Traditional machine learning (ML) models usually rely on large-scale labeled
datasets to achieve strong performance. However, such labeled datasets are
often challenging and expensive to obtain. Also, the predefined categories
limit the model's ability to generalize to other visual concepts as additional
labeled data is required. On the contrary, the newly emerged multimodal model,
which contains both visual and linguistic modalities, learns the concept of
images from the raw text. It is a promising way to solve the above problems as
it can use easy-to-collect image-text pairs to construct the training dataset
and the raw texts contain almost unlimited categories according to their
semantics. However, learning from a large-scale unlabeled dataset also exposes
the model to the risk of potential poisoning attacks, whereby the adversary
aims to perturb the model's training dataset to trigger malicious behaviors in
it. Previous work mainly focuses on the visual modality. In this paper, we
instead focus on answering two questions: (1) Is the linguistic modality also
vulnerable to poisoning attacks? and (2) Which modality is most vulnerable? To
answer the two questions, we conduct three types of poisoning attacks against
CLIP, the most representative multimodal contrastive learning framework.
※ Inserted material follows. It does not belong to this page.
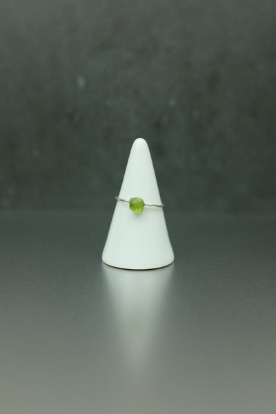 The peridot stone measures approximately 4mm long, 4mm wide, and 3mm tall. Wear it alone for an elegant touch or stack it with others.
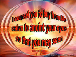 ‘Jullie zeggen dat je rijk bent, dat jullie alles hebben wat je maar wilt en niets meer nodig hebben. Jullie beseffen niet hoe ongelukkig jullie zijn, hoe armzalig, berooid, blind en naakt. Daarom raad ik jullie aan: koop van Mij goud dat in het vuur gelouterd is, en jullie zullen rijk zijn; witte kleren om je te kleden en om je naaktheid mee te bedekken, zodat jullie je niet meer hoeven te schamen; zalf voor jullie ogen, zodat jullie weer kunnen zien. Iedereen die ik liefheb wijs ik terecht en bestraf ik. Zet jullie dus volledig in en breek met het leven dat jullie nu leiden. Ik sta voor de deur en klop aan. Als iemand Mijn stem hoort en de deur opent, zal Ik binnenkomen, en wij zullen samen eten, Ik met hem/haar en hij/zij met Mij.‘ (Uit Openbaring 3 : 14-22 de verzen 17-20)

Extensive evaluations on different datasets and model architectures show that
all three attacks can perform well on the linguistic modality with only a
relatively low poisoning rate and limited epochs. Also, we observe that the
poisoning effect differs between different modalities, i.e., with lower MinRank
in the visual modality and with higher Hit@K when K is small in the linguistic
modality. To mitigate the attacks, we propose both pre-training and
post-training defenses. We empirically show that both defenses can
significantly reduce the attack performance while preserving the model's
utility